I have no idea what it's doing there.

Originally, you'd get adj+art+noun constructions simply due to the word order being more flexible early on, and this surviving as a relict construction. In particular, it tends to be when there's an adverb, which, as it were, pulls the adjective out to the left. So, "a nice man", but "much nicer a man"; "a loud parrot" > "somewhat too loud a parrot".

The some of the 'adverbs' had the overt form of a noun and preposition, with its own article, giving a double-article construction: "a great deal nicer a person", "a lot bigger a boat".

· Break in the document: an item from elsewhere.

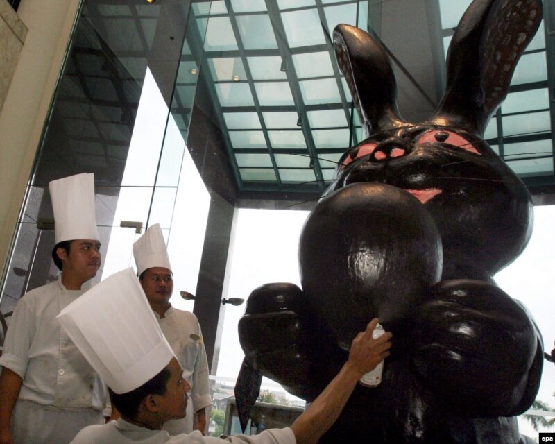 Жакартадагы адеми мейманкананын ашпоздору Пасхага коен-шоколадды камдашууда. Индонезия дүйнөдөгү эң чоң мусулман калктуу мамлекет. Өлкө калкынын 80 проценттен көбү мусулмандар.

This then presumably got confused with double-article constructions where there is no adjective, but just a noun to which the main noun is a genitive: "a glimmer of a chance", "a whale of a time". [appositive cases like the latter themselves being an extension from cases like the former, which are genuinely genitive in meaing]. This confusion gives us the non-standard construction with two articles and 'of': *"a great deal nicer of a person", *"a lot bigger of a boat".

Then, in voidwalker's post, it seems there's another layer of confusion, in which this new double-article-and-genitive construction is confused with single-article constructions, giving them a second article (and a genitive) too, to give expressions like **!*"a more exotic of a language". (where Standard English has either "a more exotic language", or the somewhat archaic but still found in some syntactic contexts "more exotic a language").

void's construction may also be influenced by confusion with comparatives, which look similar but with definite articles : "the larger of the two".


Syntax is weird.

--------

Speaking of which, I would have written this post in Irish, to honour the intent of the thread... but I can't. Because a) I'm terrible at language-learning, and b) Irish is insane.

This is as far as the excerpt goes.